***** DATA PROVIDED *****

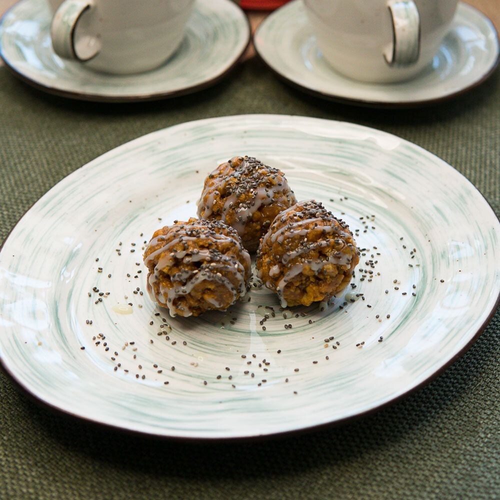 песочное тесто с добавлением грецких орехов и варенной сгущенки, посыпается семенами чиа.
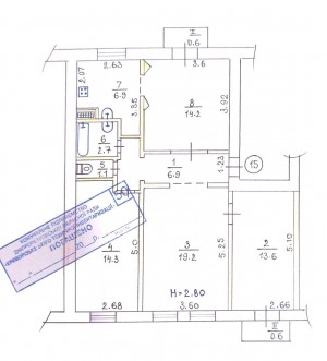 Планування об'єкту: - узаконене перепланування. - вітальня 19.2 м.кв. - спальні кімнати 14.3 + 13.6 м.кв. - столова та кухня 14.2 + 6.9 м.кв. - високі стелі 2.80 м. - маємо 2 балкони. - квартира двостороння.
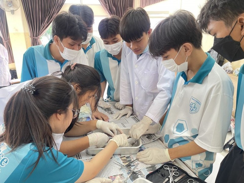 นักเรียนแผนการเรียนวิทยาศาสตร์สุขภาพ ระดับชั้น ม.6 ทำปฏิบัติการเรื่อง กายวิภาคศาสตร์ของกบ

*****

## [REQUIRED ACTION]
Starting at the line that contains "Планування об'єкту: - узаконене", retype every line through the end of the material exactly as written, including both end lines but no pictures.

## [EXERCISE RESULT]
 Планування об'єкту: - узаконене перепланування. - вітальня 19.2 м.кв. - спальні кімнати 14.3 + 13.6 м.кв. - столова та кухня 14.2 + 6.9 м.кв. - високі стелі 2.80 м. - маємо 2 балкони. - квартира двостороння.
 นักเรียนแผนการเรียนวิทยาศาสตร์สุขภาพ ระดับชั้น ม.6 ทำปฏิบัติการเรื่อง กายวิภาคศาสตร์ของกบ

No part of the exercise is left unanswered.